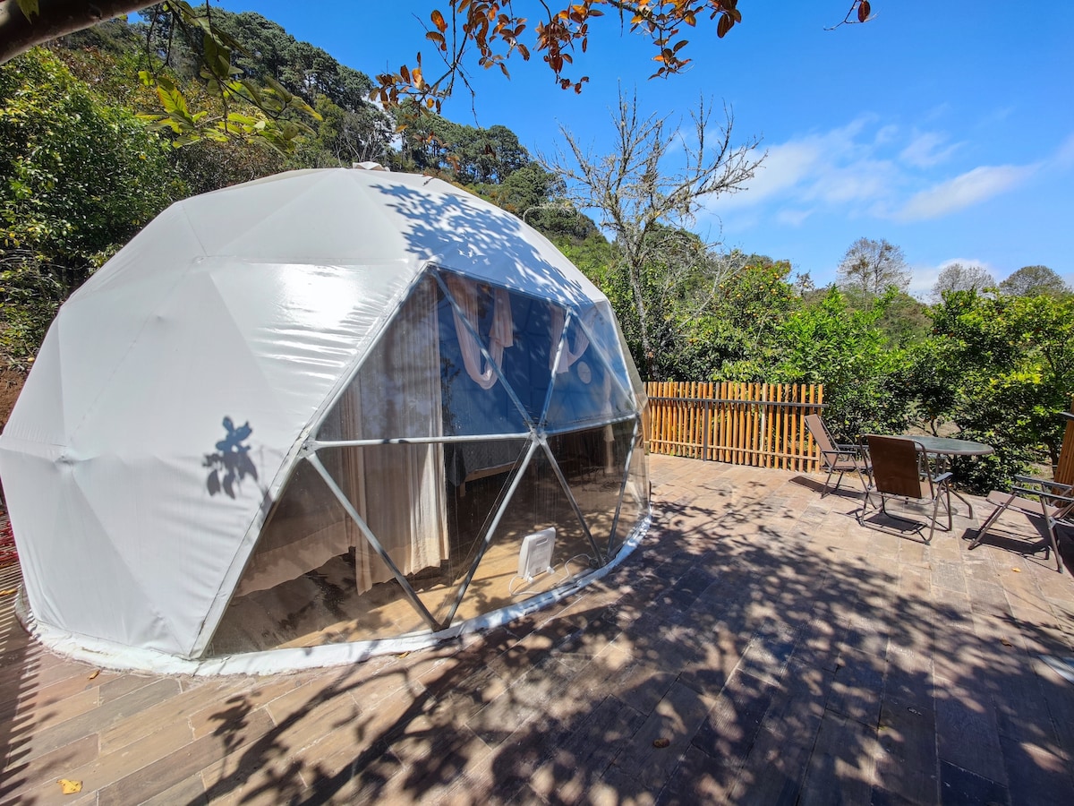 Vive una experiencia única alojándote en este lujoso y comodo domo geodésico, único en su tipo y en la region, y a tan solo 20 minutos de las majestuosas grutas de Tolantongo. Excelente ubicación privada y tranquila, cerca a restaurantes de barbacoa, fondas y tiendas, maravillosas vistas a las montañas, todas las comodidades de un hotel, pero en contacto con la naturaleza. *Aire Acondicionado *Smart tv *Cocineta equipada *Fogatero *Alexa *Sala exterior
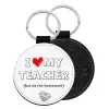 i love my teacher but no the homework outline, Μπρελόκ Δερματίνη, στρογγυλό ΜΑΥΡΟ (5cm)
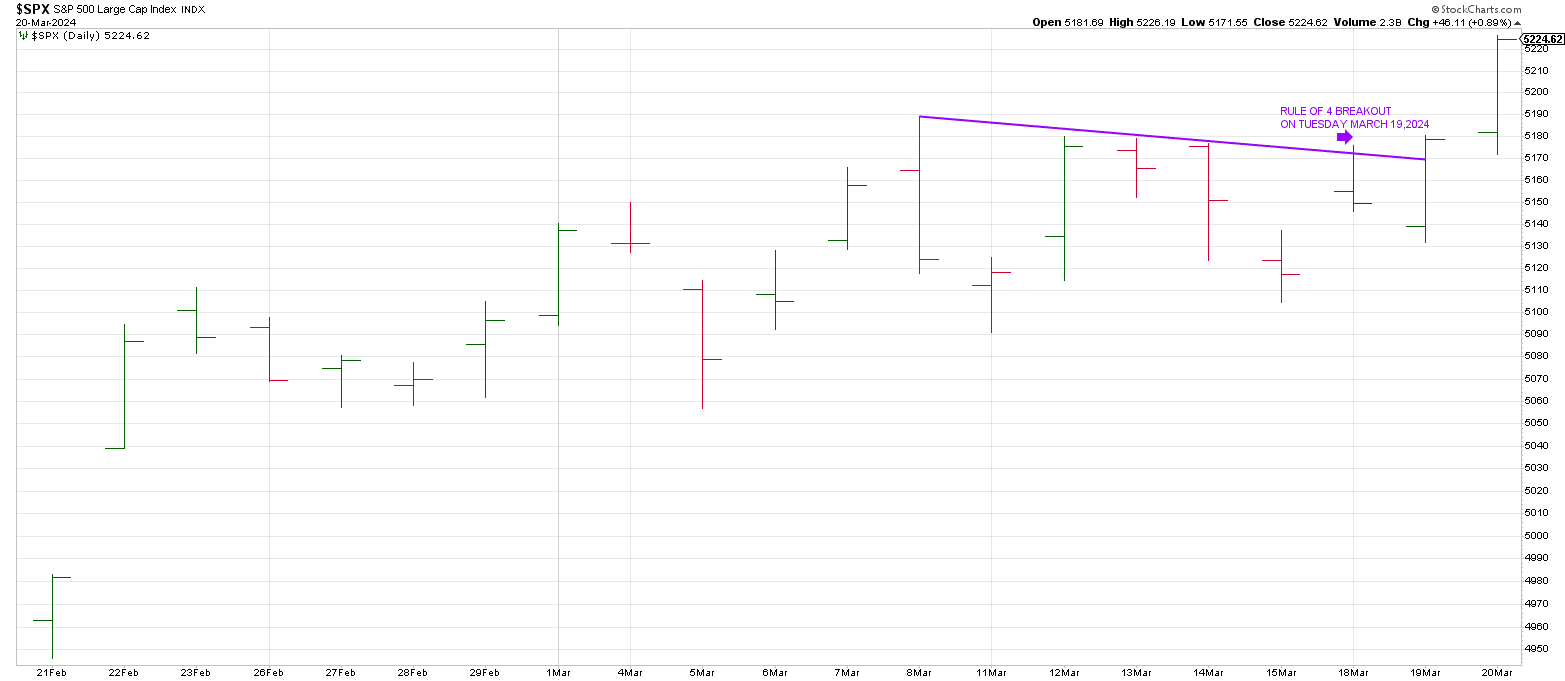 “Yesterday SPX broke out above an hourly 3 point trend line setting a record closing high.
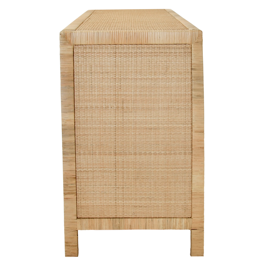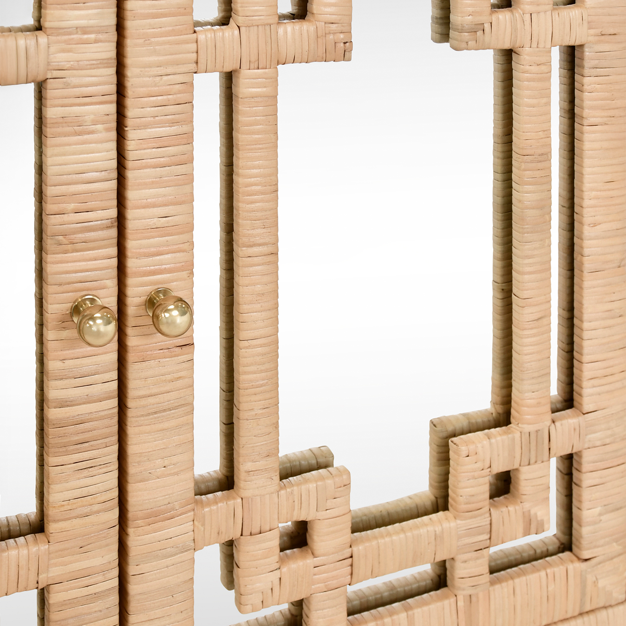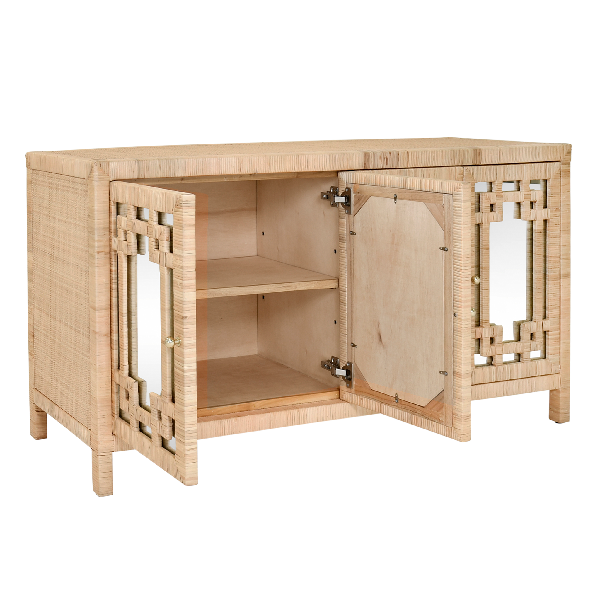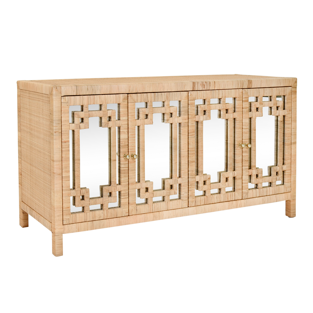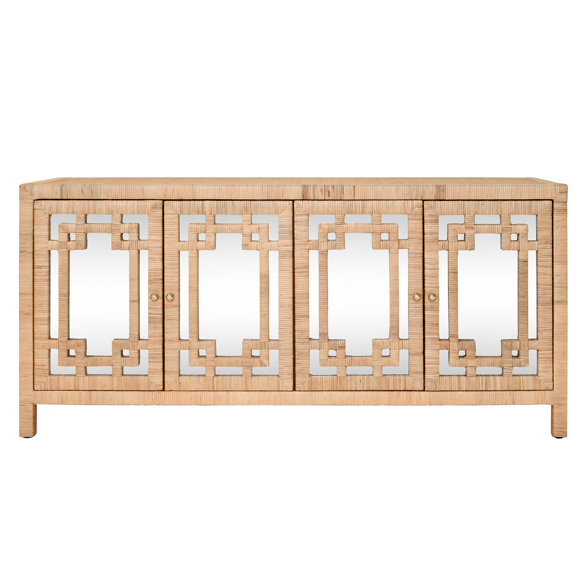 Our Four Door Buffet With Mirror Front Doors is a striking and elegant storage piece that effortlessly blends opulence with natural textures.
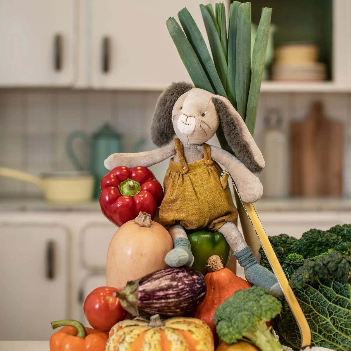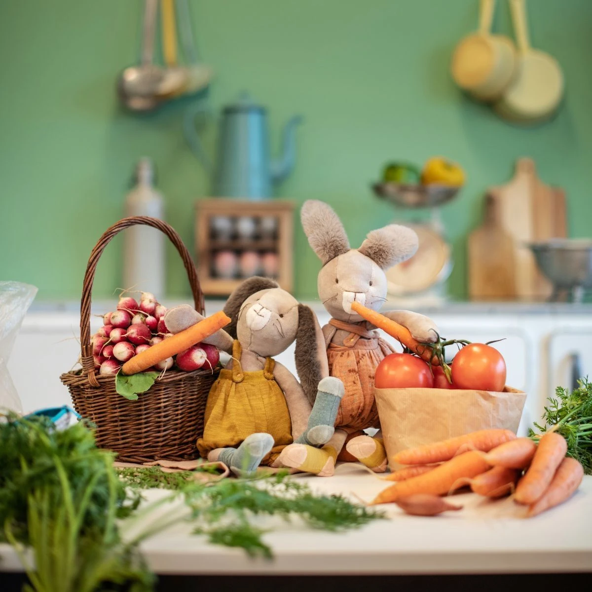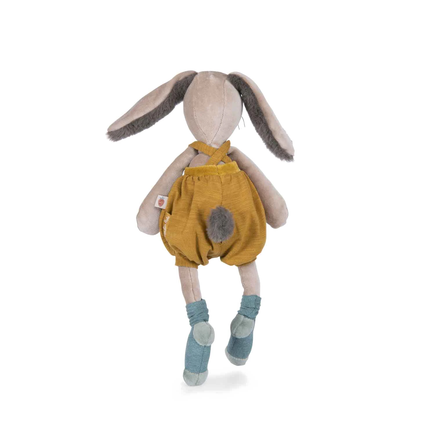 Avec sa frimousse Ă moustaches et ses grandes oreilles toutes douces, cet adorable lapin Ă la salopette ocre ne demande qu’Ă faire des câlins ! Compagnon de jeu la journĂ©e et doudou protecteur la nuit, il accompagnera bĂ©bĂ©.
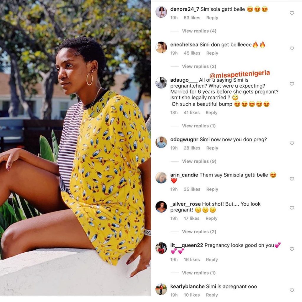 Simi, after sharing this photo on instagram sparked rumor that she might be pregnant as many celebrate her
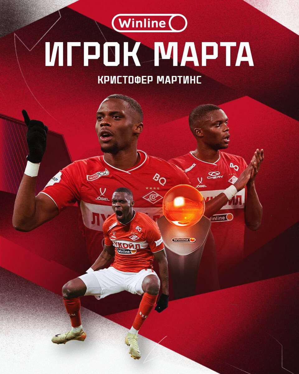 🏆 Кристофер Мартинс — Winline Игрок месяца в «Спартаке» ⚽️ Полузащитник забил 4 гола в марте и набрал 68% ваших голосов 🔝 ❤️ со всех красно-белых для нашего №35! 🤩 Подпишись на Хроники «Спартака» ☑️
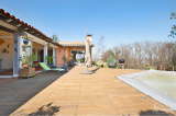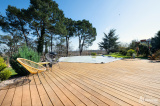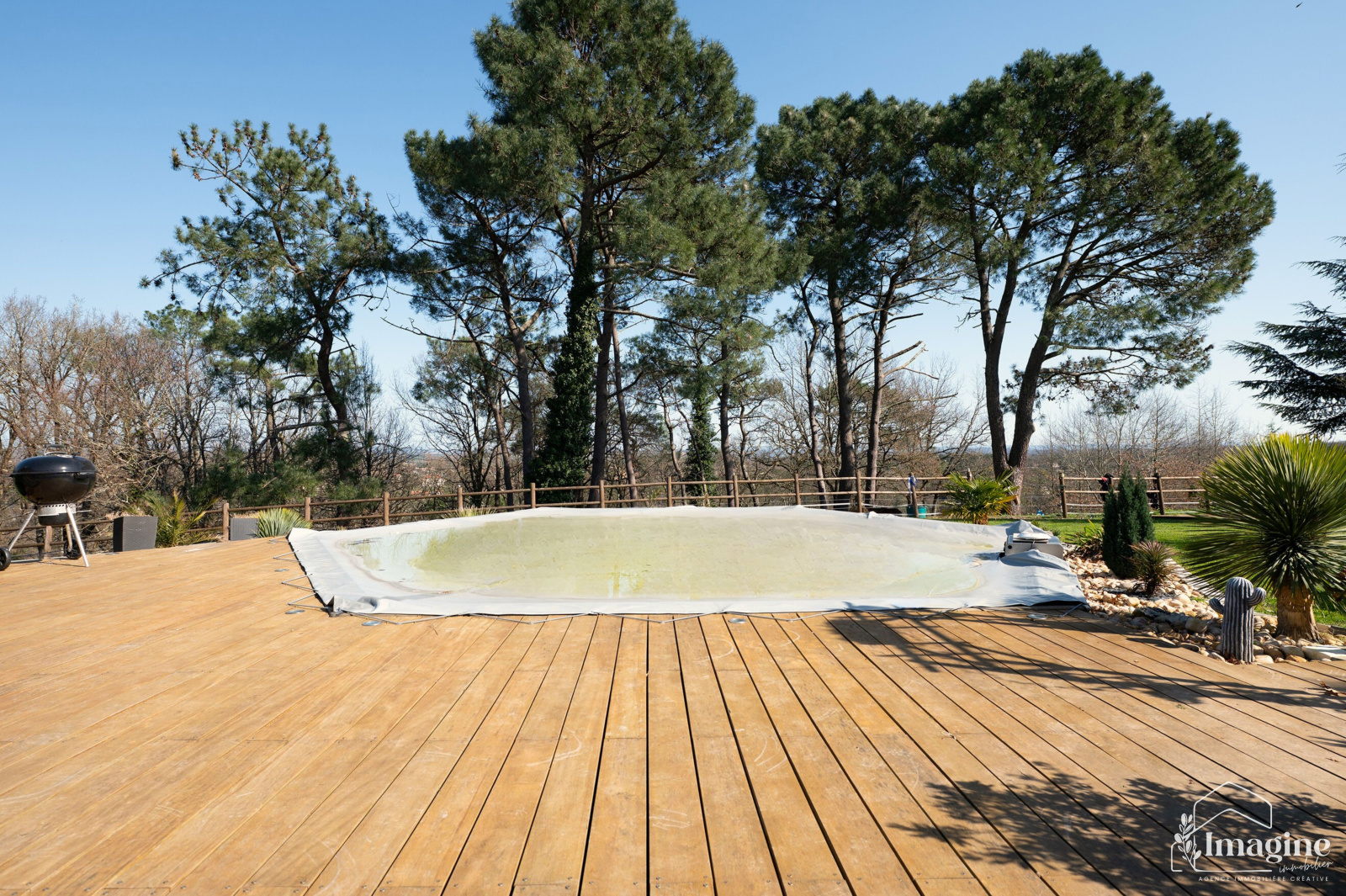 A l’extérieur, la terrasse se prolonge sur la piscine en bois avec plage en bois exotique, offrant une vue dégagée sur la partie boisée en contre bas. L’ensemble constitue un véritable havre de paix où il fait bon vivre, profiter des extérieurs et respirer la sérénité de la campagne tout en restant proche de la ville de Graulhet et ses commodités.
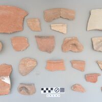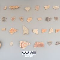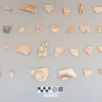 - cooking pots and kalathoi. Decorations include dark-on-light painting (bads
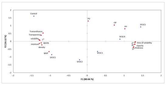 The relationship between the water-affinity properties, barrier characteristics, optical properties, density and thickness are presented in Figure 5. The two principal components explained 96.79% of the total variance (PC1 = 80.66% and PC2 = 16.12%). The PC1 was associated with the optical properties (L*, a*, b*, ΔE*, opacity, transparency and transmittance), water-affinity properties (aw, moisture, time of solubility, solubility), barrier properties (WVTR and WVP), density and thickness. On the other hand, only OP and PV were associated with PC2. Regarding the samples, good relationships were observed between SFOC1 and SFOC2 and between SFOC4 and SFOC5.
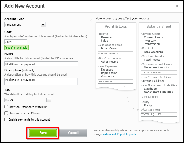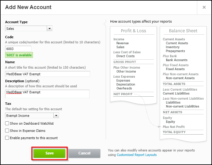 - Code - this is a unique code for this account in your chart of accounts. This can be anu number, and Xero will automatically check whether it's available or not. It is recommended to use a high number, e.g. 6003, to keep Meddbase accounts separate from your other accounts.
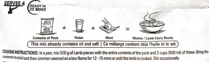 How to make- Take 500g Mutton (lamb) pieces, the entire contents of mutton curry mix & 500 ml of water in a pan. Mix and bring the contents to a boil, then cover the vessel and simmer on low flame for 15-20 minutes till the chicken is cooked. Stir occasionally
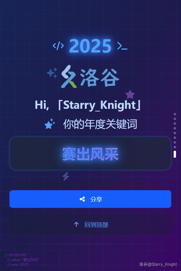 @[P_Bitset](luogu://user/1279868) 手法(1/1分):正确理解了我的手法。 心情分析(2/3分):确实是五味杂陈,但是主要是想发工单。 感情表达(3/4分):没有喜爱。 综合:6/8分,达到75分。
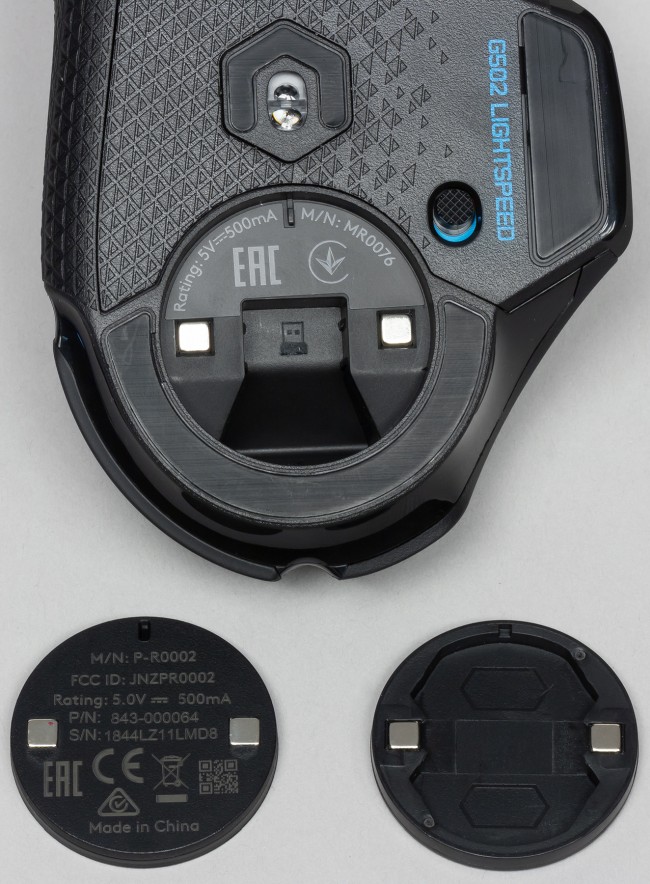 Если слегка приложить усилие к кромке ложа для большого пальца, то можно отделить крышку внутреннего отсека, удерживаемую магнитом. Это отсек для установки четырёх утяжеляющих пластин массой по 2 г каждая. Ещё два места для пластин по 4 г предусмотрено в круглой крышке с логотипов в виде буквы G.
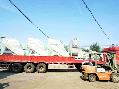 從風機的外殼類型進行劃分,風機主要分為圓口與方口這兩種。如下圖所示,河南一客戶訂購了一批玻璃鋼離心風機分別包括了圓口離心風機和方口離心風機。方口離心風機和圓口風機的主要區別是出風口為方形,而進風口同樣是圓形的。下圖為方口與圓口玻璃鋼離心風機發往河南洛陽的裝貨圖。
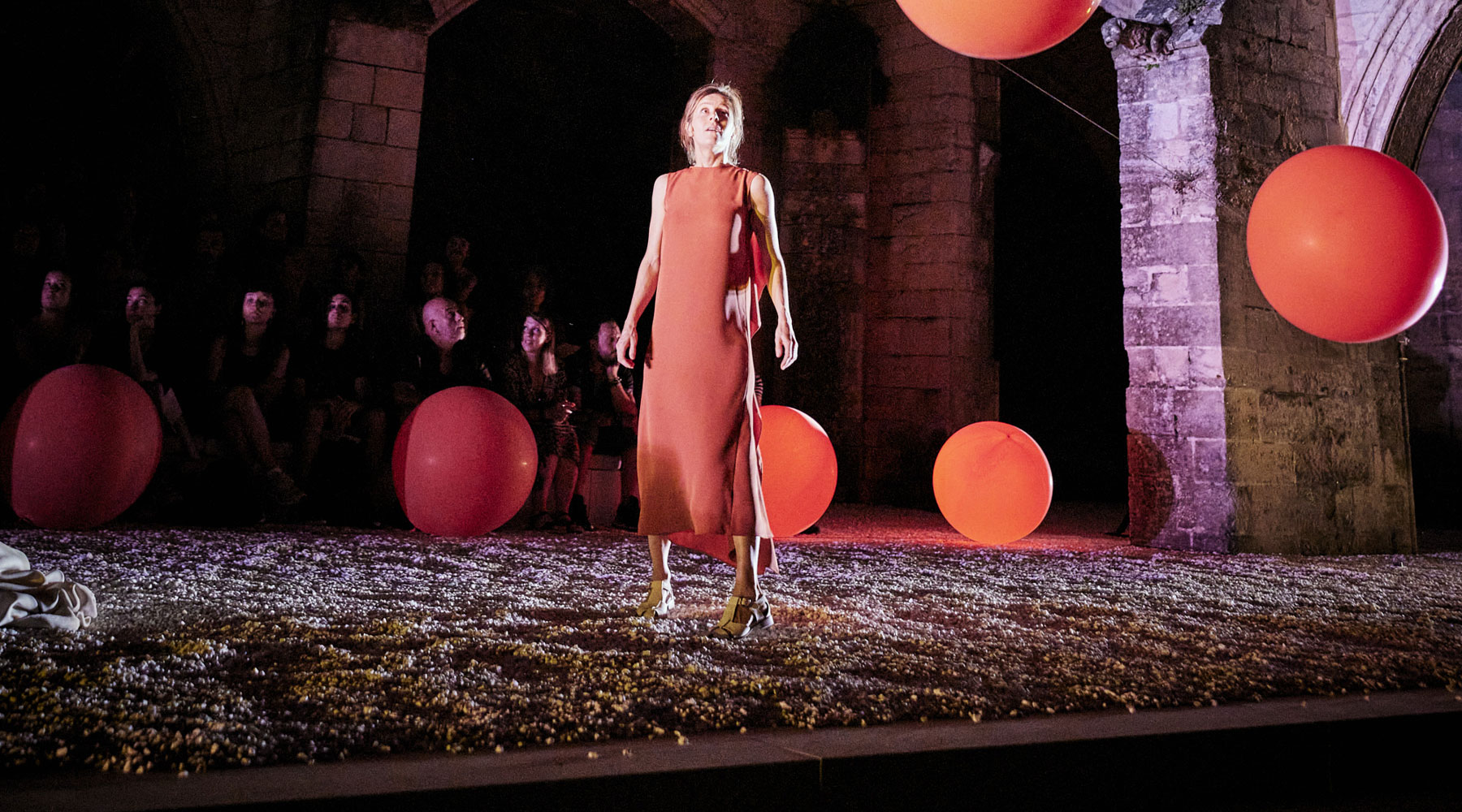 Écrire sa vie sonne comme une injonction, comme un ordre. Pauline Bayle et sa troupe s’y engagent, portant haut et fort le verbe woolfien, dans une urgence qui emporte le morceau. Le spectacle se construit très majoritairement à partir du roman Les Vagues de Virginia Woolf, et l’on reconnaît sans peine la traduction de Marguerite Yourcenar qui possède ce flow (au détriment peut-être de la fidélité à l’original) qui porte si bien et si loin la parole dans l’espace. Six amis se retrouvent pour fêter le retour tant attendu de Jacob (Perceval dans le roman, les noms ont été changés dans cette adaptation) qui n’arrivera jamais. Pré texte, sous texte, cette absence creuse un manque, un désir, d’aussi loin qu’il leur en souvienne, jusque dans la forêt de leur enfance. Écrire sa vie emplit de profusion ce vide qui les consume, qui nous étreint, est plein de mots en l’air (mais jamais, au grand jamais, ils ne sont vains), comme autant de feux d’artifice. C’est beau et sans que l’on en comprenne la mécanique c’est bouleversant, car la poésie s’affranchit des récits, s’abstrait de la narration, comme on sortirait d’un mauvais rêve, pour nous plonger dans un état de pleine conscience. D’histoire il n’y en a presque pas, et c’est comme un poids en moins pour peu que l’on accepte de lâcher cette bride, qui est aussi une œillère dans notre relation au monde. Les lumières impressionnistes et l’espace, d’un visible ouvert sur l’invisible, essaimé de ballons rouges pareils à des bulles d’air venant éclater à la surface du réel, nous accompagnent souplement dans cette traversée. La puissance du dire, démiurgique, a le pouvoir du faire, de réagencer les atomes de l’existence. Le théâtre est le lieu des miracles nous dit Pauline Bayle projetant avec foi l’écriture de Virginia Woolf dans son dispositif spectaculaire. Écrire sa vie performe la vitalité des mots, fabrique des mondes à la force du poignet de l’écriture. Les phrases nous parviennent comme autant d’embardées, nous remuent, comme si nous-mêmes n’étions faits que de mots que ces six acteurs créateurs auraient le pouvoir de baratter. Même s’ils ont encore la jeunesse pour eux, ils ont tous les âges de la vie, comme le texte de Virginia Woolf. Ces diseurs de mots sont les diseurs de la bonne ou mauvaise aventure qu’est la vie dans laquelle ils sont, nous sommes, embarqués. Crier qu’on est libre, puis crier qu’on ne l’était pas. « Le sens passionné de l’existence » est de chaque instant, tumultueux, et tient entre ces deux cris.

▶ [THE PROBLEM]:
In the listing above, find the line with "How to make- Take" and the line with "從風機的外殼類型進行劃分,風". Copy exactly those two and every line between, without the pictures.

▶ [SOLUTION FOR THIS EXERCISE]:
 How to make- Take 500g Mutton (lamb) pieces, the entire contents of mutton curry mix & 500 ml of water in a pan. Mix and bring the contents to a boil, then cover the vessel and simmer on low flame for 15-20 minutes till the chicken is cooked. Stir occasionally
 @[P_Bitset](luogu://user/1279868) 手法(1/1分):正确理解了我的手法。 心情分析(2/3分):确实是五味杂陈,但是主要是想发工单。 感情表达(3/4分):没有喜爱。 综合:6/8分,达到75分。
 Если слегка приложить усилие к кромке ложа для большого пальца, то можно отделить крышку внутреннего отсека, удерживаемую магнитом. Это отсек для установки четырёх утяжеляющих пластин массой по 2 г каждая. Ещё два места для пластин по 4 г предусмотрено в круглой крышке с логотипов в виде буквы G.
 從風機的外殼類型進行劃分,風機主要分為圓口與方口這兩種。如下圖所示,河南一客戶訂購了一批玻璃鋼離心風機分別包括了圓口離心風機和方口離心風機。方口離心風機和圓口風機的主要區別是出風口為方形,而進風口同樣是圓形的。下圖為方口與圓口玻璃鋼離心風機發往河南洛陽的裝貨圖。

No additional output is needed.